La riforma delle pensioni forse non vedrà i natali nel 2024, ma se le promesse sono un debito, allora è probabile che il Governo Meloni entro la fine dei suoi 5 anni di legislatura, finirà con il produrre davvero la tanto agognata riforma. Perché fin dalla campagna elettorale delle ultime elezioni politiche, la promessa di ritoccare il sistema pensioni italiano, è stato un autentico cavallo di battaglia dei partiti che poi vinsero le elezioni. E a dare manforte a questa speranza dei lavoratori, le tante misure di cui si parla.

Che hanno tutte un minimo comune denominatore che risponde al nome di quota.

“Buonasera, ho sentito parlare di quota 96 come di una misura che tornerà a poter essere sfruttata adesso con il nuovo Governo. Ma davvero potranno andare in pensione le persone con 60 anni di età e 35 di contributi? E se fosse così, la quota 41 per tutti verrebbe accantonata? Vi chiedo questo perché ho 60 anni di età e credo di arrivare a 41 anni di contributi sul finire del 2024. Quindi sono interessatissimo alla riforma con queste due misure, anche con una sola di loro.”

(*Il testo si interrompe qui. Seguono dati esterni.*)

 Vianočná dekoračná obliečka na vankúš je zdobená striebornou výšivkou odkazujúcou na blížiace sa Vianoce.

Riforma pensioni: quota 96, quota 41 e quota 103, ma a che costo per i lavoratori?

La riforma delle pensioni tutto è tranne che una materia che offre certezze da dare ai contribuenti, ai lavoratori e ai nostri lettori. Come indicato in premessa, nel 2024 forse nulla accadrà e la speranza è che si arrivi alla fine dei 5 anni di Governo Meloni con novità vere e con una vera riforma. Però è vero che si parla con insistenza di pensioni a quota. Dalla proroga di quota 103 (l’unica cosa oggi probabile per il 2024, ndr), alla quota 96 o alla quota 41 per tutti. In ogni caso si sente l’aria di cambiamento, perché per esempio la quota 96 potrebbe essere un ritorno al passato, con una misura flessibile a partire dai 61 anni di età con 35 anni di contributi.

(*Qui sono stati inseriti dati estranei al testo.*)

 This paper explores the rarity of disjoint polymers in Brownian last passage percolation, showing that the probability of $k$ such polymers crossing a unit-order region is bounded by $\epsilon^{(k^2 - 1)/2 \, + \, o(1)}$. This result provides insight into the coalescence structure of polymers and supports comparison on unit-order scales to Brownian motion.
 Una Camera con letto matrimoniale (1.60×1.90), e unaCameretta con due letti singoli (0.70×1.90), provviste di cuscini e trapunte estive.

Ma sul principio di flessibilità ruota tutto il meccanismo riformatore. Perché flessibile è una misura che lascia la scelta al lavoratore di quando uscire dal lavoro. Ma se la scelta fosse tra uscire a 61 anni o a 67, senza penalizzazioni, non ci sarebbero dubbi e la scelta sarebbe una sola, c’è da giurarci. Ecco perché si lavora a misure che, per esempio, impongano un ricalcolo contributivo della prestazione. Che per lavoratori che hanno 18 anni o più di versamenti antecedenti il 1996, significa un taglio di assegno anche del 30%. In questo caso sì che ci sarebbe da scegliere tra una pensione più ricca ma a età avanzata, o una pensione più povera ma subito.

Penalizzazioni di assegno sulle pensioni future? Ecco quali

Come tutti sanno chi ha maturato carriere nell’ordine dei 18 anni di contributi già al 31 dicembre 1995, avrebbe diritto a un calcolo della pensione con il sistema misto. Ma la parte mista retributiva verrebbe calcolata per tutti i periodi di lavoro fino al 31 dicembre 2011. Da qui la grave perdita. Che sarebbe la stessa se anche la quota 41 per tutti, con la pensione senza limiti di età una volta arrivati a 41 anni di contributi, diventerebbe contributiva.

Purtroppo su questo dubbi non ce ne sono, perché penalizzare una possibile pensione prima, è alla base delle probabilità di riforma che ci sono oggi. Senza penalizzazioni, come dicevamo, mancherebbe di flessibilità la riforma. E se non è il contributivo, si parla di tagli lineari di assegno. Perché, per esempio, chi esce a 62 anni potrebbe dover accettare un taglio di assegno per ogni anno che manca ai 67 della pensione di vecchiaia. E se per esempio si arrivasse al 3% di taglio per anno, significherebbe che a 62 anni la pensione perderebbe il 15% rispetto ai 67.

Tagli che si aggiungerebbero a quelli oggettivi. Perché già oggi senza particolari tagli, lasciare il lavoro prima fa perdere soldi al diretto interessato.

Perché si interrompono prima i versamenti contributivi. Ma anche perché i coefficienti di trasformazione dei contributi in pensione, penalizzano chi lascia il lavoro prima.